The convergence of mitochondrial, lipidomic and transcriptomic signatures has several implications. First, RNA-binding proteins such as IMP3 can operate as post-transcriptional amplifiers of metabolic programs, aligning translational control with bioenergetic needs. Here, mitochondrial respiration defects co-occurred with reduced SREBF1-dependent activity and lipid-class remodeling, a combination expected to limit membrane biogenesis and signaling lipids while altering organellar physiology. Second, the observed enzyme-level bottlenecks (IDH1, fumarase) nominate discrete metabolic nodes that may be exploitable; for example, reduced NADPH-generating capacity via IDH1 could sensitize cells to redox stress or impair fatty-acid synthesis. Third, the lipid-class shifts (TAG/DAG, PUFA-rich PC/PE, SM/CL) point to altered membrane fluidity, raft composition and mitochondrial inner-membrane dynamics—variables that influence receptor signaling, apoptosis susceptibility and respiratory supercomplex organization.

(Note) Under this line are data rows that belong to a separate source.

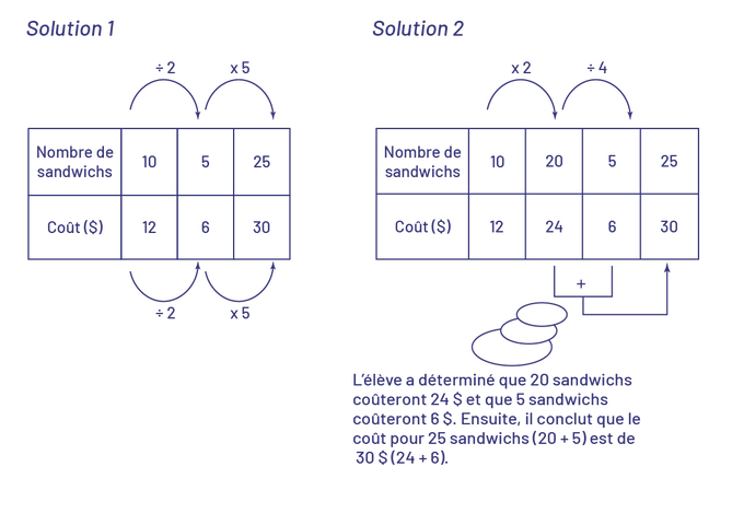 sandwichs à 6 dollars, puis détermine que 25 sandwichs (parenthèse ouvrante) 5 fois 5 sandwichs (parenthèse fermante)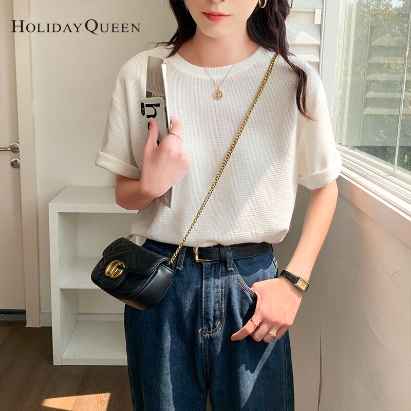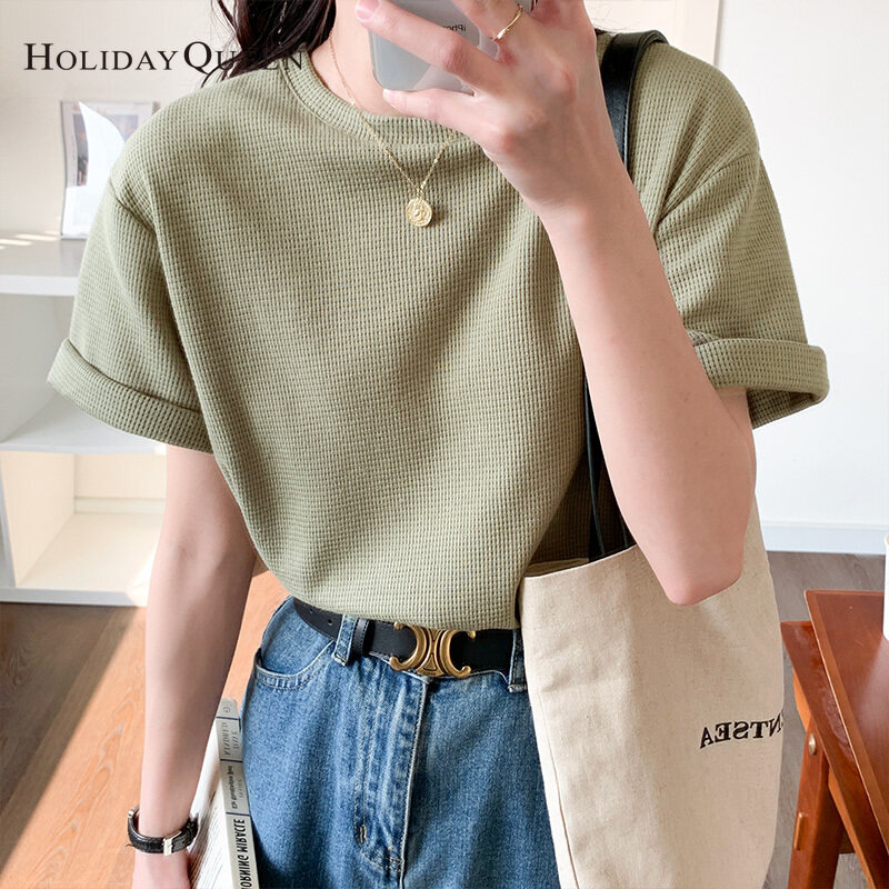 HolidayQueen Matcha Green Short-sleeved T-shirt Women's Korean Version 2022 Summer New Waffle Loose All-match Top S M L XL Free Shipping HQ1261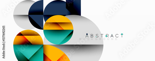 Abstract geometric design with intersecting circles, triangles, squares and sharp angles creating a layered composition with gradients, depth, and contrast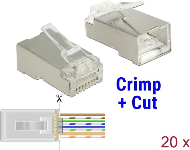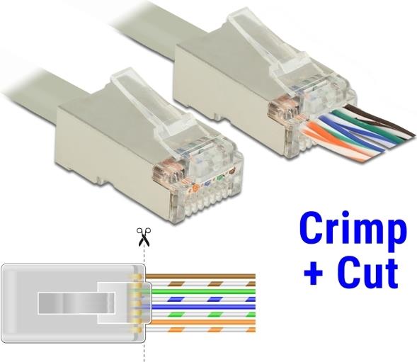 Mit diesem RJ45 Stecker von Delock und dem passenden Crimp+Cut Werkzeug kann schnell und einfach ein Netzwerkkabel mit einem RJ45 Stecker verbunden werden.

Our study has limitations. Most mechanistic experiments were conducted in HeLa cells; while we observed concordant transcriptional validations in SiHa and C-33A lines (Supplementary Figure S8), broader generalization will require primary cultures, organoids and in vivo models representing diverse HPV backgrounds and histologies. The RNA-seq analyses provide associative links between IMP3 expression and pathway activity in patient samples; causal inference awaits perturbation studies in clinical models. Although our lipidomics used independent-experiment replication with BH-FDR control, orthogonal flux measurements (e.g., ¹³C tracing of de novo lipogenesis and β-oxidation, malonyl-CoA quantification) will strengthen the interpretation of pathway directionality. Finally, we deliberately tempered claims about specific phosphorylation events within the lipogenic machinery and instead anchored conclusions on transcriptional reporters, enzyme activities and lipid-class outcomes; targeted phospho-proteomics could refine this axis in future revisions.

5. Conclusions

Our comprehensive study delves deeply into the multifaceted role of IMP3 in orchestrating mitochondrial functionality, energy homeostasis, and lipid metabolic pathways. Concurrently, we employed advanced bioinformatics techniques to discern the potential implications of IMP3 overexpression in cervical cancer progression. Post-transfection analyses in Hela cells illuminated that a diminished expression of IMP3 can considerably perturb mitochondrial dynamics and operations. This inference is further corroborated by alterations observed in energy metabolism-centric genes and markers, all of which align with our TEM observations. Leveraging publicly available datasets from the GEO database, our bioinformatics exploration unveiled a marked overexpression of IMP3 in primary cancer tissues relative to benign cervical tissues. Intriguingly, this upsurge in IMP3 might be intricately intertwined with the modulation of metabolic pathways, cell cycle progression, and inflammatory responses, all converging to potentially foster the tumorigenesis trajectory in cervical cancer. The culmination of our lipid metabolic investigations shed light on how IMP3 silencing can substantially drive lipid biosynthesis in vivo. Collectively, our findings chart a fresh paradigm, offering promising therapeutic avenues for cervical cancer management, with an emphasis on targeting IMP3 and its associated metabolic accomplices.